[DATA PROVIDED — start]
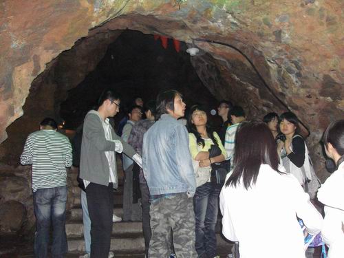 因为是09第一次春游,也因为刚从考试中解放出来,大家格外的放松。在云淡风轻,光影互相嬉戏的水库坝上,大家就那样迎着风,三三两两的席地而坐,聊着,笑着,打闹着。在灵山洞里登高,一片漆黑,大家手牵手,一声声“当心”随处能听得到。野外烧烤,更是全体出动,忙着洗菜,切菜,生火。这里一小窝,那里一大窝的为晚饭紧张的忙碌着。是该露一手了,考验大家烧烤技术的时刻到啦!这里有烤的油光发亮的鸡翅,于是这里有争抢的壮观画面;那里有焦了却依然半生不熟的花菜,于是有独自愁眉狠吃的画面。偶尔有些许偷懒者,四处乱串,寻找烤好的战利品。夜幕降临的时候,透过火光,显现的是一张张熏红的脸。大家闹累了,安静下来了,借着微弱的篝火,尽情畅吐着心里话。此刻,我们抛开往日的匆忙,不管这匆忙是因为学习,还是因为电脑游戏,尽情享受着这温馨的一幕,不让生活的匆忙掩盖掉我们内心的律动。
[DATA PROVIDED — finish]
[DATA PROVIDED — start]
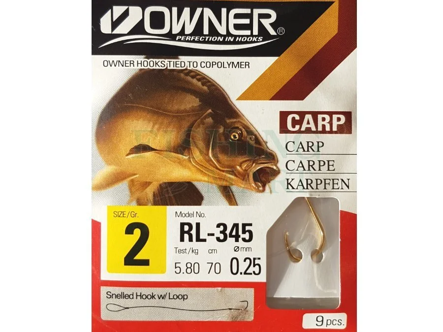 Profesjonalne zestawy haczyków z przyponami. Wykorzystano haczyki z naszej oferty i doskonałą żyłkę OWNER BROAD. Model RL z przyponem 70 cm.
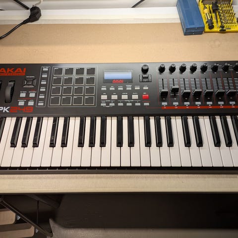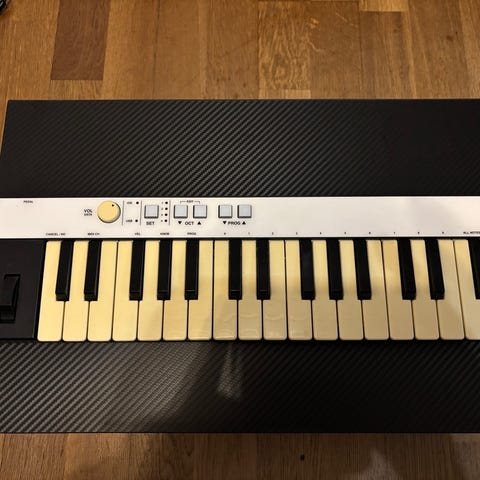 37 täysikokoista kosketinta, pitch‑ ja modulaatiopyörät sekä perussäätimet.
[DATA PROVIDED — finish]
PROMPT >>
Reproduce, word for word, everything in the listing above from the line containing "Profesjonalne zestawy haczyków" down to the line containing "37 täysikokoista kosketinta, pitch‑", both of them included. No pictures.

TASK ANSWER >>
 Profesjonalne zestawy haczyków z przyponami. Wykorzystano haczyki z naszej oferty i doskonałą żyłkę OWNER BROAD. Model RL z przyponem 70 cm.
 37 täysikokoista kosketinta, pitch‑ ja modulaatiopyörät sekä perussäätimet.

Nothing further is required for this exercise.